A paciente Rosa Guimarães, 78 anos, se solidarizou com a atitude dos funcionários. Com diabetes, ela é levada pela ambulância social todos os dias até a unidade de urgência e emergência trocar os curativos de seu pé. “Eu cheguei aqui e não tinha ninguém para fazer o curativo. Uma enfermeira que é amiga minha pediu um favor e acabaram me atendendo. As enfermeiras são muito atenciosas e merecem o pagamento das horas extras. Elas estão certas de reclamar”, observa.

No Pronto-Socorro Central (PSC), a situação se repetiu. Na tarde de ontem, muitos funcionários foram embora assim que a jornada contratual venceu. Se nas segundas-feiras a procura pela unidade de urgência e emergência costuma ser grande, ontem não foi diferente. E os funcionários que cumpriam o turno tiveram que se desdobrar.
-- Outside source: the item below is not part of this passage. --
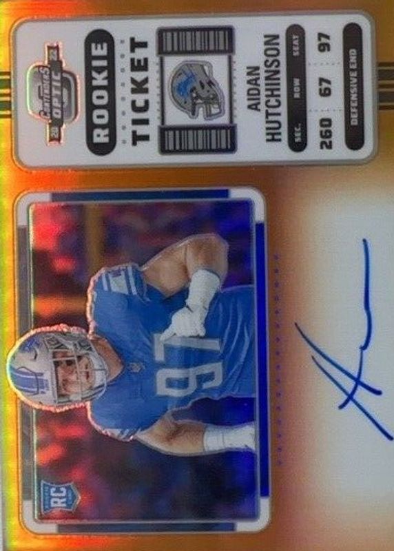 This card is 1 of 45 Aidan Hutchinson's card variations in the 2022 Contenders Optic set being tracked by Sports Card Investor, including Base, Silver, Red /175, Blue /99, and Orange /50.

“Ontem (anteontem), precisou uma pessoa sair chutando tudo aqui para ser atendido. Hoje (ontem), parece que vai ser a mesma coisa”, criticou Wellington Walton Flaks, 24 anos, que procurou o atendimento no PSC pelo segundo dia consecutivo. Com dores abdominais, ele reclamava da demora para a consulta. “A gente gasta passe, perde dia de serviço, não recebe atestado e eles não resolvem o nosso problema”, lamenta.

Maria Nilza Andrade Silva deixava a unidade depois de sete horas de permanência. Ela acompanhava o filho adolescente que estava com o pé machucado. “Lá dentro, o pessoal estava reclamando muito do atraso. Dizem que o pessoal foi embora, mas eu fui atendida normalmente pelos enfermeiros”, conta.

À noite, a situação piorou. A falta de atendentes, maqueiros e profissionais de enfermagem prejudicou ainda mais o atendimento à população. Revoltados, os funcionários da unidade procuraram vereadores para denunciar o problema, comentando que se a situação se mantivesse, poderiam paralisar as atividades.

____________________

De volta para casa

Assim que chegou para trabalhar, ontem pela manhã, e soube que o pagamento das horas extras estava suspenso, um motorista de ambulância do Pronto-Socorro Central (PSC), que preferiu não divulgar seu nome, voltou para casa. “Hoje (ontem) não era meu plantão, mas sim meu dia de fazer extra. E é um absurdo isso de não pagarem em dinheiro, principalmente porque é retroativo, vale para o que trabalhamos em junho”, explicou.

O motorista relatou que seu salário é de cerca de R$ 1 mil mensais para 40 horas semanais trabalhadas. Mas como faltam funcionários, faz hora extra toda semana, o que eleva seu salário para aproximadamente R$ 2 mil. “Para suprir a falta de funcionário, a gente faz hora extra, mas agora com essa decisão, só vou fazer o meu plantão”, reafirmou.

Segundo ele, ontem pela manhã, dos quatro motoristas de ambulância que deveriam trabalhar no PSC, apenas um, que estava em seu plantão, estava à disposição dos pacientes. À tarde, a reportagem constatou que havia três ambulâncias estacionadas no PSC, sem motoristas. Uma funcionária da unidade de saúde questionou o encarregado do setor se havia motorista para viajar para Jaú e ele que disse no momento não havia profissional à disposição.